■ The records:
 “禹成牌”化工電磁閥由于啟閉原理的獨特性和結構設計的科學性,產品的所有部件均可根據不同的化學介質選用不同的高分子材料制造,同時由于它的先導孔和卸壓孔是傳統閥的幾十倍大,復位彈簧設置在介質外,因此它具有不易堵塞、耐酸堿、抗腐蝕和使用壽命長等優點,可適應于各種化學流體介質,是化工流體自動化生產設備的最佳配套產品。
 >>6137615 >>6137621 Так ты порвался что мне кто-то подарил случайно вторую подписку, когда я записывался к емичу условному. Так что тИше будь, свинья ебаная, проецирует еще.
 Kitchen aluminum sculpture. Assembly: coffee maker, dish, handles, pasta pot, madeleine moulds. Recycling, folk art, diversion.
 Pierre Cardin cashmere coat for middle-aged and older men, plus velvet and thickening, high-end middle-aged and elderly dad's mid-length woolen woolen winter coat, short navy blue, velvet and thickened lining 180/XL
--
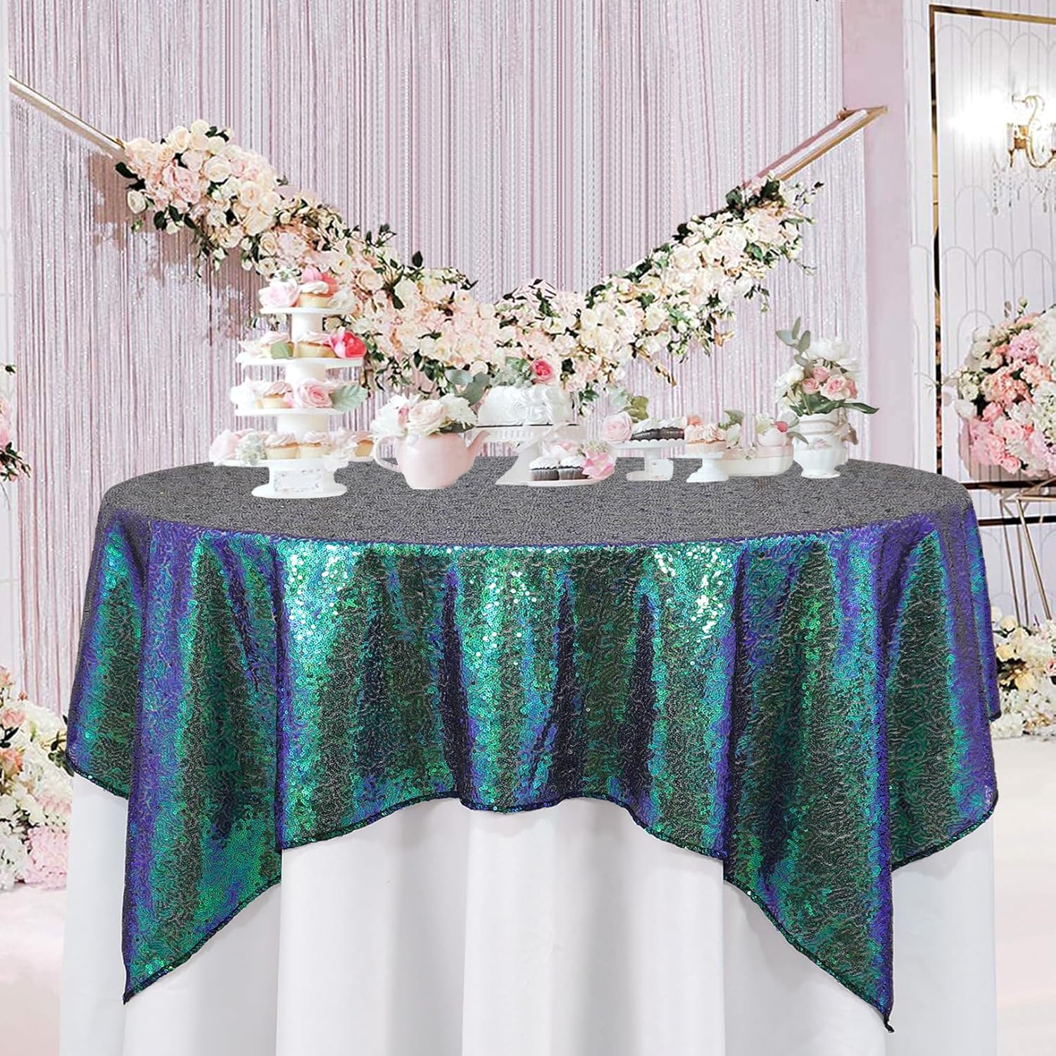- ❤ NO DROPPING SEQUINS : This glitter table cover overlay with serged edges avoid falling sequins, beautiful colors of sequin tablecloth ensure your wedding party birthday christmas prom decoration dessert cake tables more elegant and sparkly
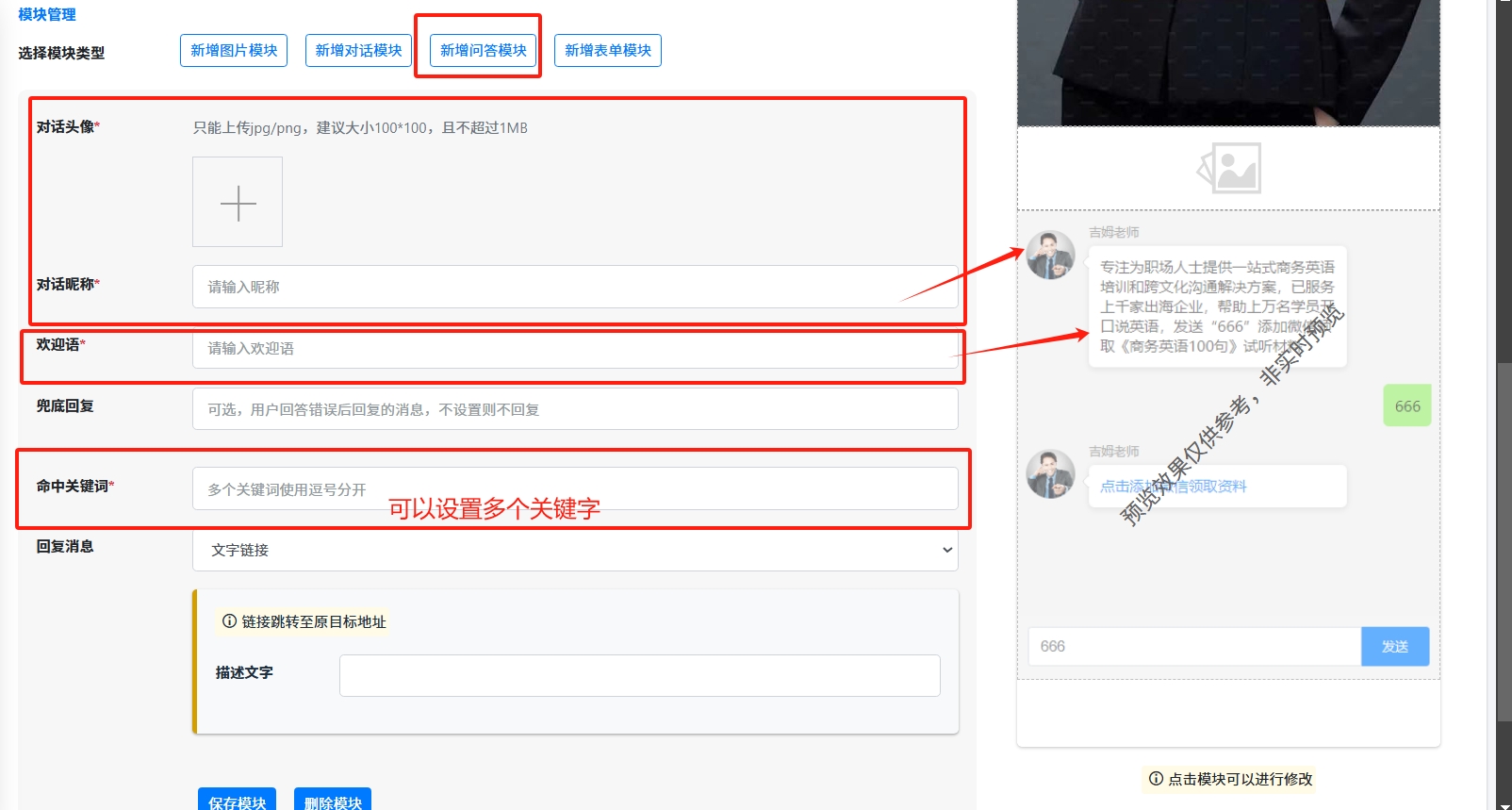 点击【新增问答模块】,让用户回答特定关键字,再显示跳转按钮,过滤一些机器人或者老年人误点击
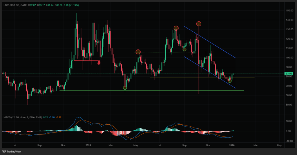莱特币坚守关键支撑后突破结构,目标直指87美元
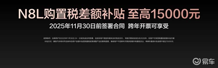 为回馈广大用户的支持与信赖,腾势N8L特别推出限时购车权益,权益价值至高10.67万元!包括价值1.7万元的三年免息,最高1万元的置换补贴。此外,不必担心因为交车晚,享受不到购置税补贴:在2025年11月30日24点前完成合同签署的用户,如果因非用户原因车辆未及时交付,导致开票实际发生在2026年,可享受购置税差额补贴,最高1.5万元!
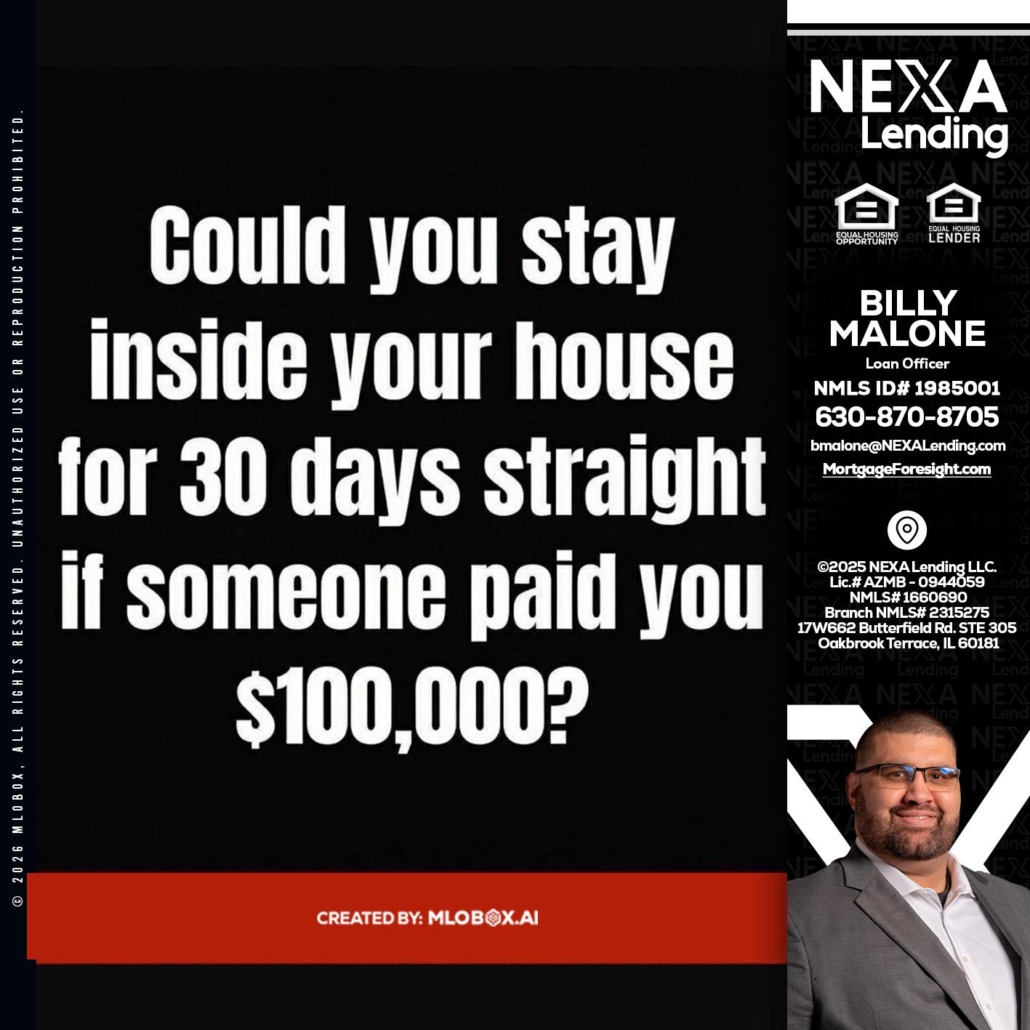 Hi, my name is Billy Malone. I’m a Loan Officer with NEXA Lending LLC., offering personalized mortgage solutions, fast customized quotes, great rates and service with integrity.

■ The problem: Copy the stretch of the records above that runs from the line with "Kitchen aluminum sculpture." through the line with "Pierre Cardin cashmere". Both end lines belong in the copy, and nothing else does.

■ Answer to the exercise:
 Kitchen aluminum sculpture. Assembly: coffee maker, dish, handles, pasta pot, madeleine moulds. Recycling, folk art, diversion.
 Pierre Cardin cashmere coat for middle-aged and older men, plus velvet and thickening, high-end middle-aged and elderly dad's mid-length woolen woolen winter coat, short navy blue, velvet and thickened lining 180/XL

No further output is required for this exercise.